Laurent - stock.adobe.com
After some reluctance, AI is now providing solutions to some of the energy industry's bigger challenges. This includes increasing access and availability to energy sources, helping improve storage and usage of energy resources, securing and safeguarding those resources, and further reducing our reliance on fossil fuels.
Until recently, the adoption of AI in the energy sector had been somewhat slow, despite having an immense amount of data that could be utilized to help them streamline, automate and develop cost-effective and nature-friendlier energy solutions. Now that AI has proven its value in many other industries, however, the energy sector is seeing rapid adoption to address a range of challenges and opportunities in the industry.
The AI-enabled smart grid
In order to help with an array of challenges facing the digitization of the energy industry, companies, governments and regulatory agencies are looking at ways to make our energy consumption more efficient. One of the key sustainable and reliable solutions is the introduction of the smart grid, which uses a variety of operation and energy measures including smart meters, smart appliances, renewable energy resources and energy efficient resources to provide more data for energy operators, powering better decision-making and resource usage.
The vast amount of data captured from operations, whether that be asset performance data, customer data, advanced metering data or geographic information, only continues to grow. Smart grids continuously collect and synthesize huge amounts of data from millions of smart sensors to make timely decisions on how best to allocate energy resources.
AI in the energy sector is helping to empower the smart power grid, providing more effective and more profitable power trading and better regulation of power consumption. AI provides tremendous value by speeding up the processing, streaming, analyzing and interpreting of data that would otherwise not be possible with humans alone. The AI aspect of these smart grids enables them to learn from past usage, monitor current usage and use predictive analytics to help predict future consumption and avoid potential catastrophes.
AI systems are being increasingly used to facilitate allocation of production between a variety of energy sources including renewable and non-renewable energy resources. AI is also helping to monitor and optimize for energy availability and production costs, as well as looking at environmental factors that may also impact consumption and production. The UK's power and pipeline grid operator, National Grid, recently ended their collaboration with Google subsidiary DeepMind to introduce AI technology to the UK grid systems. With the use of AI, the company is hoping to reduce energy consumption by 10% providing both a financial and environmental benefit.
Traditional energy companies embracing AI
In order to stay competitive, traditional energy companies are increasingly investing in AI to broaden and deepen their technology portfolios to reduce their reliance on increasingly scarce energy resources. ExxonMobil and Chevron recently joined the Oil and Gas Climate Initiative (OGCI), a consortium of major global companies that have committed $1 billion to invest in innovative technologies to respond to climate change, per an OGCI report from 2018. Additionally, Shell recently announced that it intends to double its investment in renewables, including investments in solar power and electric automobile technology.
Other companies have embraced AI in the energy sector to help with areas such as tracking consumer energy usage and enabling the consumer to have a more tailored and personal energy consumption experience. Energy companies are increasingly using AI to enable autonomous grid operations capabilities or developing AI-enabled robotics that can maintain operations while enduring difficult living conditions or avoid malfunction and catastrophes.
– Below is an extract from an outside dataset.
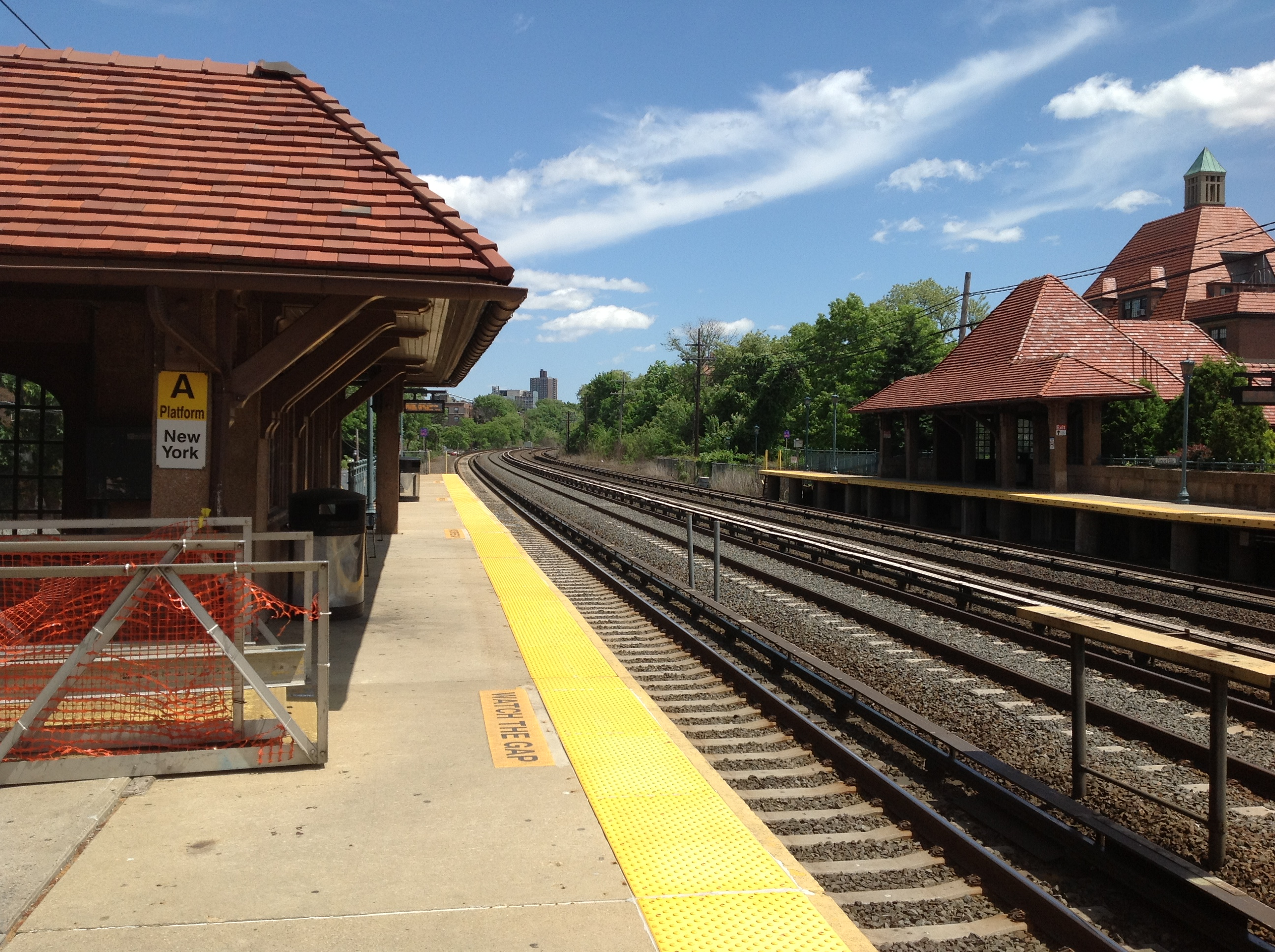 Forest Hills LIRR Station Platform A

The UK's Grid Edge uses AI to provide solutions to optimize energy usage according to the consumer's own behavior patterns, thereby increasing efficiency.
Keeping up with consumers' changing preferences
Consumers are increasingly demanding renewable energy sources and want renewables included as part of their overall energy mix offered by providers. Additionally, companies, governments and organizations of all types are setting clean energy targets for themselves. In order to help them achieve these goals, traditional energy providers need to make sure they can fulfill these demands. AI systems in the energy sector are helping to manage energy usage and increase overall energy efficiency and conservation. Smarter systems play a crucial role as they can take many factors into consideration including weather forecasts to predict customers' demand for heat and power, and more accurately monitor grid network and real time consumption of oil and gas.
Additionally, consumers are increasingly investing in smart home gadgets that provide the ability to save on cost and lower usage needs by not only analyzing utility market trends but also by analyzing their own personal usage habits. In turn, this data provides the energy industry the ability to make consumer use more cost effective and personalized. Non-traditional energy companies are also entering the industry and are taking advantage of the market shift towards sustainable energy consumption. Stem, a California-based startup, uses AI to map out energy usage, allowing customers to track fluctuations in energy rates and more efficiently use storage. Siemens developed software that can autonomously operate grids, which stores data on how a grid interacts to different loads of energy and how it can adjust to increase efficiency.
In an industry with competition between fossil fuels, natural gas and renewable energy, AI is becoming prominent. The results that integrating AI will produce within the energy sector are vast, with growing interest and traction in the consumer, policy and business communities.